Ball, whose work frequently addresses sexuality and gay issues, says he finds vampires "very sexy and very forbidden".

"They're immortal - they're dead but they're alive. So there's the sexy life drive. There's something about an immortal creature who only comes out at night, who has these phallic fangs. There's the exchange of body fluids. It's a huge metaphor for sexuality and I think it has been for centuries, since it first appeared in various mythologies.

"They all seem to be fairly bisexual because they're beyond regular moral constraints. They don't have to worry about what happens to them when they die because they're going to be alive forever. So any religious or puritanical thing, you can just let go of.

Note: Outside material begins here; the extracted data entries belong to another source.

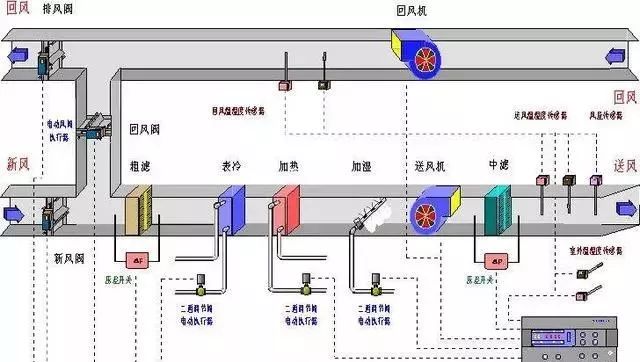 其工作原理是當(dāng)空調(diào)區(qū)負(fù)荷發(fā)生變化時,系統(tǒng)末端裝置自動調(diào)節(jié)送入房間的送風(fēng)量,確保室內(nèi)溫度保持在設(shè)計范圍內(nèi),從而使得空氣處理機組在低負(fù)荷時的送風(fēng)量下降,空氣處理機組的送風(fēng)機轉(zhuǎn)速也隨之而降低,達(dá)到節(jié)能的目的。變風(fēng)量系統(tǒng)通常由空氣處理設(shè)備、送(回)風(fēng)系統(tǒng)、末端裝置(變風(fēng)量箱)及送風(fēng)口和自動控制儀表等組成。
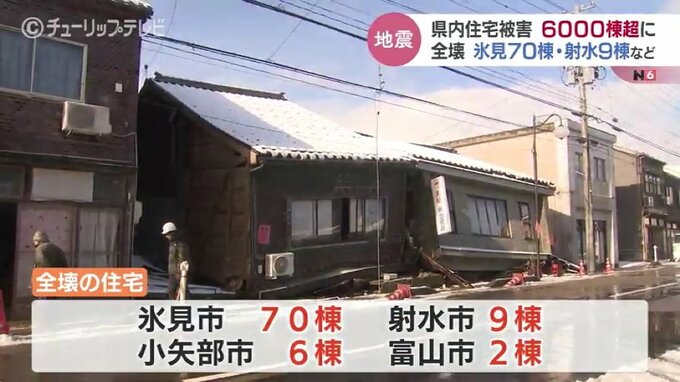 また、全壊の住宅を市町村別にみると氷見市が70棟、射水市が9棟、小矢部市が6棟、富山市が2棟となっています。
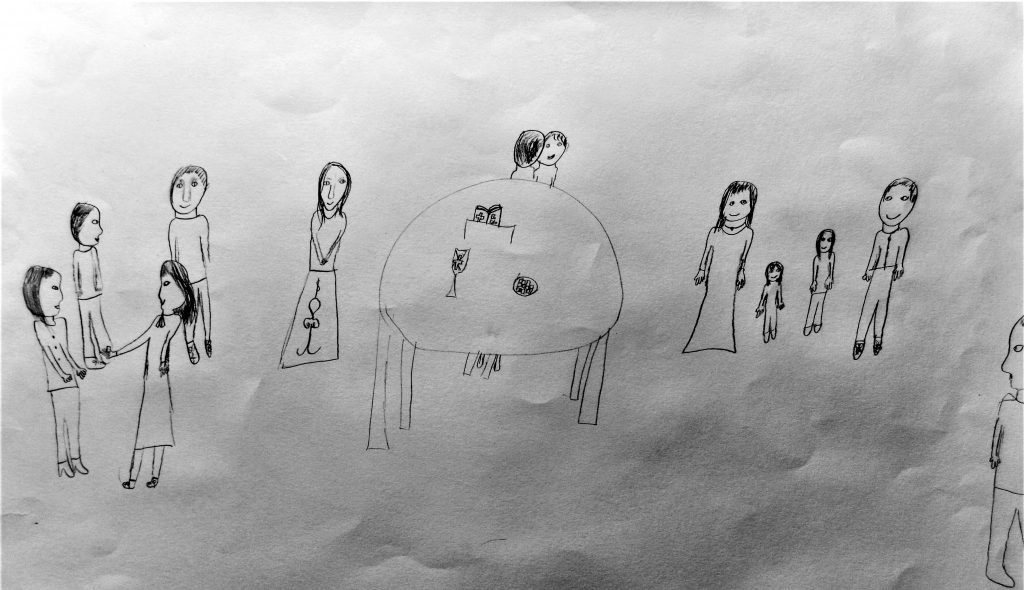 „Co čekáš od církve?“ „Boží pohoštění.“ Anežka (10 let) měla od první chvíle jasno, co kreslit. „Když se řekne církev nebo kostel, mně se jako první vybaví to kolečko kolem stolu a víno.“ Lidé na hostině. Na Boží hostině. Uprostřed kulatý stůl Páně, vyobrazený jako poctivý jídelní stůl. A kolem lidi. Lidi, lidi, lidi. Dospělí i děti. Čas tlačil a tužka běhala po papíře čím dál rychleji. To aby se tam vešli všichni. Když jsem obraz později fotila, zasadila jsem jej nejprve do okna kostela. Okolní zeď vytvořila přirozený a krásný rám. Byl to ale jen způsob, jak poselství obrazu krásně zazdít.
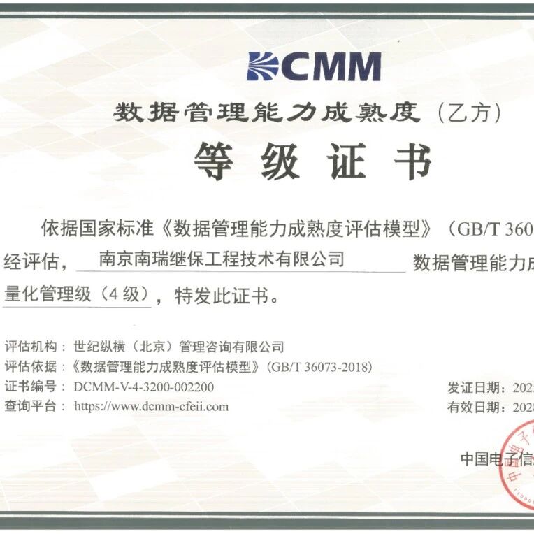 南瑞继保通过DCMM乙方四级量化管理级认证 电能革新 · 公众号 · · 3 天前 · |
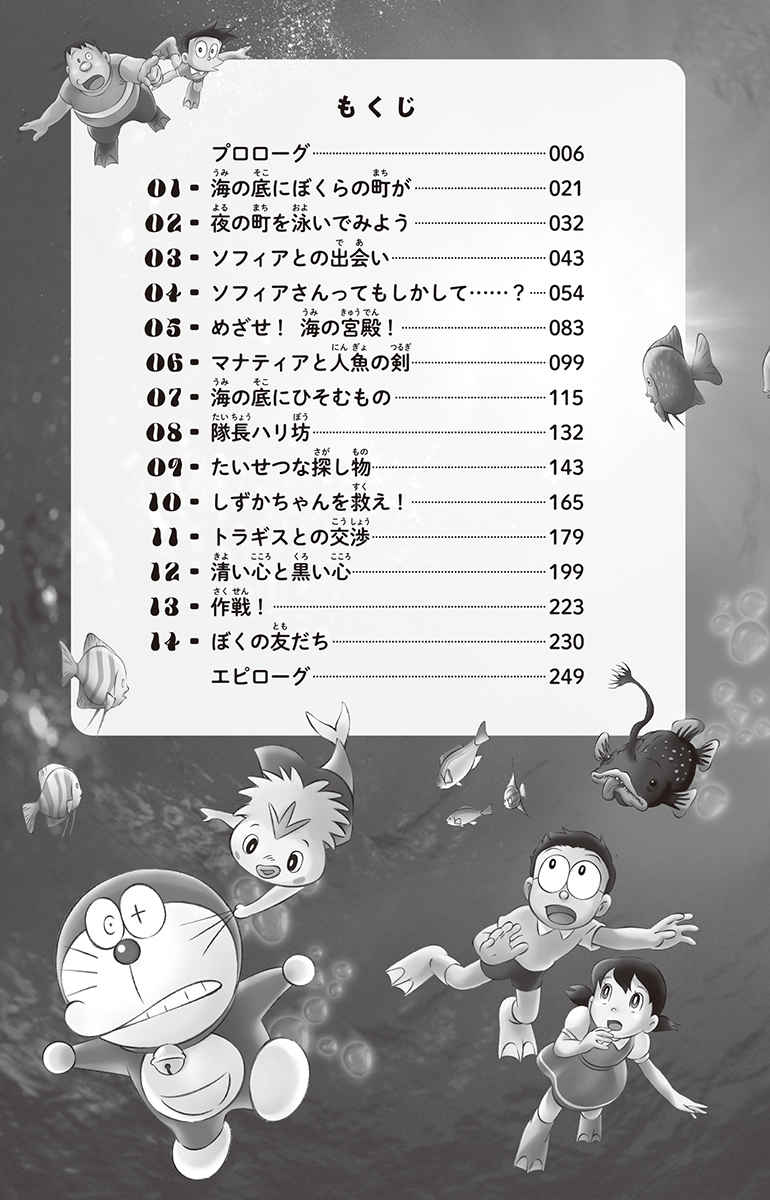 2010年の大ヒット映画をノベライズ! スクーバダイビングに行ったことを自慢するスネ夫をうらやみ、自分もダイビングがしたいと言い出すのび太。見かねたドラえもんはひみつ道具を使って町を架空の海にして遊ぶことに。そこへ人魚族の王女・ソフィアが迷い込んでしまう。人魚族はかつて住んでいたアクア星を怪魚族に汚染され、地球の海に移住してきた人々だった。ソフィアと友だちになったドラえもんとのび太たちは、海中を満喫していると、そこへ人魚族の“伝説の剣”を奪いに怪魚族の王・ブイキンがやってきて・・・。
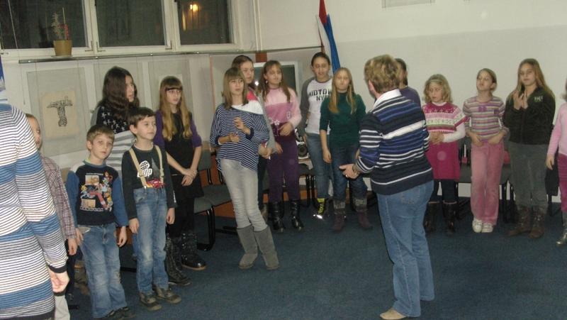 Tako smo već u petak, 18.1. i subotu, 19.1.2013 izveli PRVU PLESNU RADIONICU, koja se održala u prostorijama Udruženja u Banjoj Luci. Okupilo se 35 djevojčica i dječaka, koji su spremni sarađivati u grupi i upoznati se sa slovenačkom narodnom tradicijom. Da bi rad bio lakši iz Novog mesta su nam se pridružili aktivni članovi OFS: Ana, Anže i Gašper.
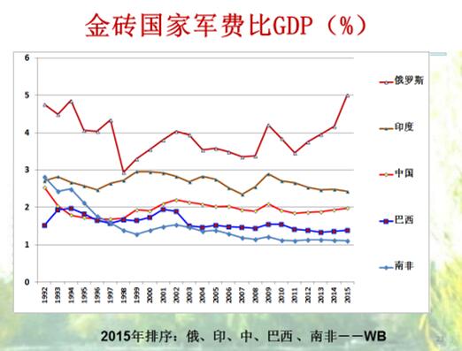 G7与中国军费占GDP比重,美国是4%、5%,金融危机以来下降了一点,中国是2%上下,日本是1%,比例没怎么变。这是金砖国家,俄罗斯最多,4%、5%,然后是印度,然后是中国。
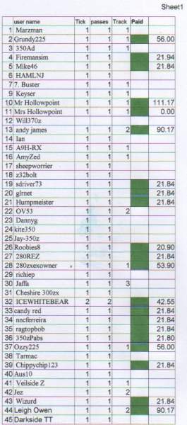 Added to list and payment as soon as you can as stated previously the Z Club has paid out over £3000 up front to obtain a prime location and the 60 track places and need to replenish funds
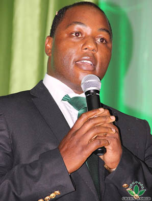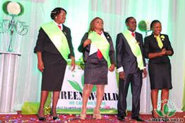 MmeNgidi Thembisile, distributrice de haut niveau de l’ Afrique du Sud de Groupe GreenWorld, et M. Tendai Chinoperekwei, distributeur de haut niveau et conférencierinternational du Zimbabwe de Green World, font respectivement des discours quiont inspiré grandement les distributeurs présents
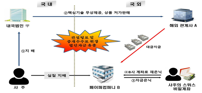 해외 관계사 A에게 약품 제조 핵심기술을 무상제공하고 약품을 저가로 판매하는 수법으로 국내에 귀속되어야 할 이익을 일단 국외로 이전한 후,별도로 설립한 페이퍼컴퍼니 B가 해외 관계사 A에게 컨설팅 및 중개용역을 제공하고 컨설팅료·중개수수료를 지급받은 것으로 위장해 A사의 회삿돈을 빼돌렸다.
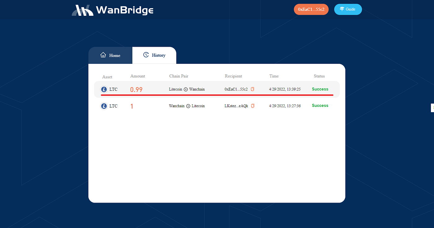 Wanchain to Litecoin crosschain transactions using the WanBridge web portal
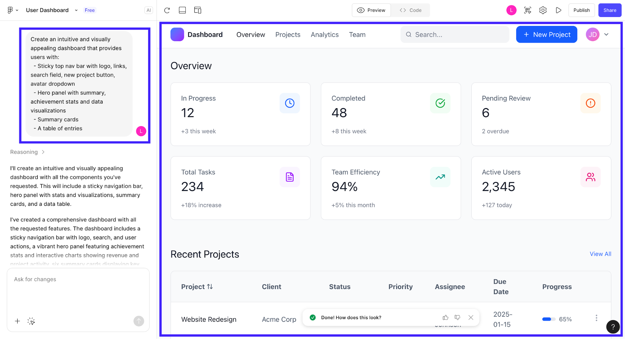 Instant UI generation from prompts: Describe the interface you want and get polished UI screens in seconds for both mobile and desktop.
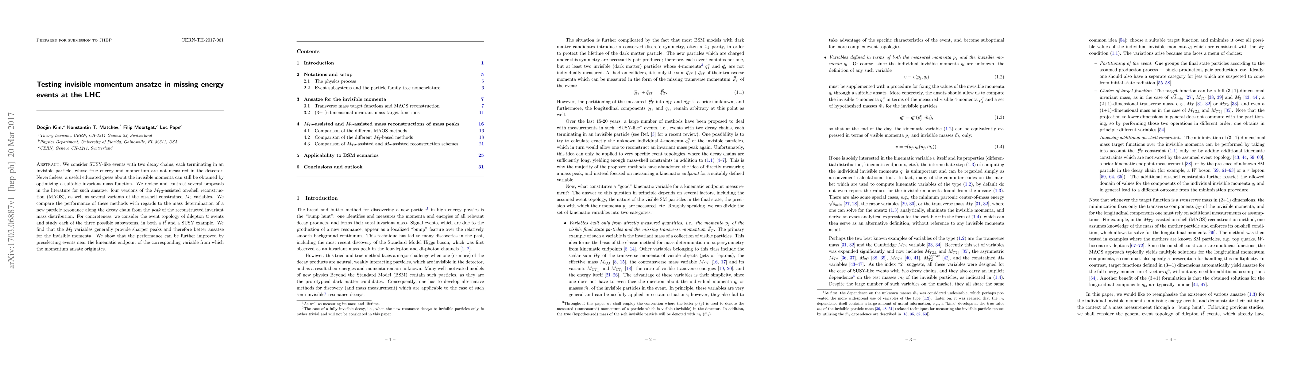 We consider SUSY-like events with two decay chains, each terminating in an invisible particle, whose true energy and momentum are not measured in the detector. Nevertheless, a useful educated guess about the invisible momenta can still be obtained by optimizing a suitable invariant mass function. We review and contrast several proposals in the literature for such ansatze: four versions of the M_T2-assisted on-shell reconstruction (MAOS), as well as several variants of the on-shell constrained M_2 variables. We compare the performance of these methods with regards to the mass determination of a new particle resonance along the decay chain from the peak of the reconstructed invariant mass distribution. For concreteness, we consider the event topology of dilepton ttbar events and study each of the three possible subsystems, in both a ttbar and a SUSY example. We find that the M_2 variables generally provide sharper peaks and therefore better ansatze for the invisible momenta. We show that the performance can be further improved by preselecting events near the kinematic endpoint of the corresponding variable from which the momentum ansatz originates.
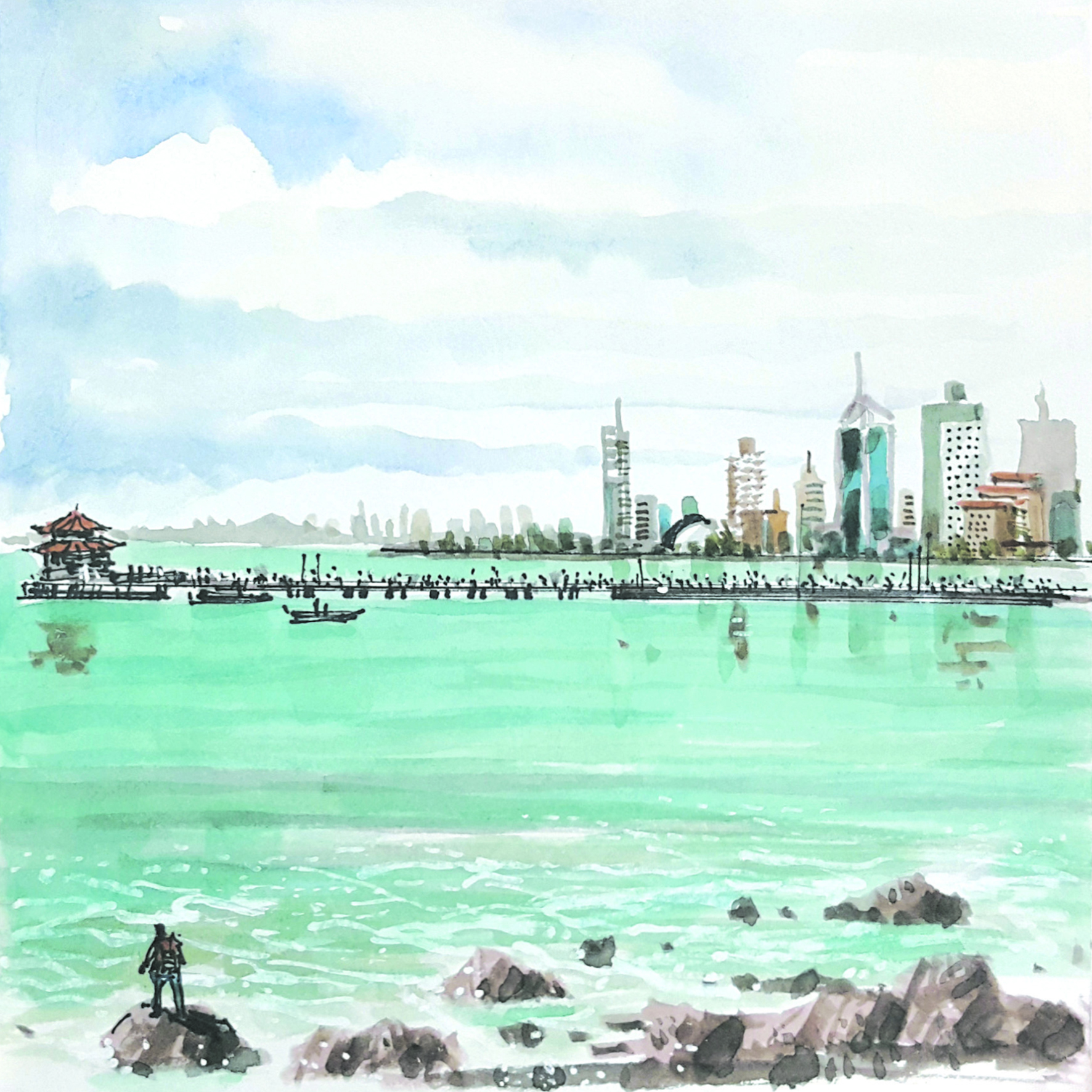 추상 01 칭다오는 맥주 이름으로도 유명하다. 코미디 방송에서 한 개그맨의 '양꼬치 앤 칭따오'라는 애드리브에도 자주 등장해서 친근하다. 칭다오 맥주병의 상표를 잘 살펴보면 작은 누각이 그려져 있다. '후이란거, 回瀾閣(회란각)'라는 이름의 이 누각은 팔각형의 2층 건물로 잔교(棧橋)의 끄트머리에 위치하며 청도 10경 중 으뜸으로 꼽힌다. 기다란 잔교와 후이란거, 그리고 그 배경에 초고층 빌딩의 도시가 오버랩되는 다소 묘한 풍경은 칭다오의 대표적 상징이다. 과거와 현재가 잔교로 이어져있다. 높은 곳에 위치한 소어산 공원의 전망대에 올라 바라보아도 매력적인 경관임에 틀림없다. 하지만 잔교가 칭다오 여행 추천 하이라이트 중 하나 임에 확실한 이유는 그 위를 가득 메운 사람들도 한 몫 한다는 생각이 들었다. 접근이 어려울 정도로 다리 위에 많은 방문객들이 인산인해를 이루며 진풍경을 연출하고 있다.
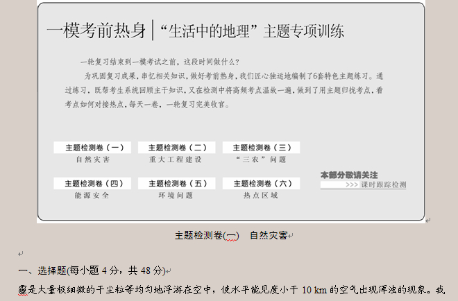 (鲁教版)2015届高三高考一模考前热身“生活中的地理”主题检测卷(一):自然灾害

"There's something aphrodisiac about it. I don't know what it is, but there you go."

Anna's next big project

Reporters interviewing "True Blood" star Anna Paquin at the Four Seasons Beverly Hills have been told not to ask the Canadian-New Zealander actress about her pregnancy courtesy of her co-star, British actor Stephen Moyer.

But they ask anyway. And it's difficult for Paquin, who prefers to keep her personal life private, to ignore the subject.

"Sookie was actually not scheduled to have a boyfriend this year. So the recent occurrences in my personal life, actually, have nothing to do with how naked or not naked Sookie is this season," she says of her character, the telepathic waitress Sookie Stackhouse.

In real life she's married to Moyer, who plays the vampire Bill Compton, a former love interest of Sookie's.

Maintaining the illusion of a non-pregnant Sookie comes down to "clothing and camera", says Paquin, who at age 11 won the Oscar for best supporting actress in 1994's "The Piano".

"There will be fewer shots of me actually getting my ass kicked. My stunt double is getting more of a workout this year."

And, while co-stars like Moyer and Alexander Sarsgaard will seek work on other films when the season wraps up, "I have my own project," she says. "Hopefully it'll be human, but you never know."



GET YOUR BLOOD UP

Season 5 of "True Blood" premieres at 7pm on HBO HD and at 8 on HBO on TrueVisions.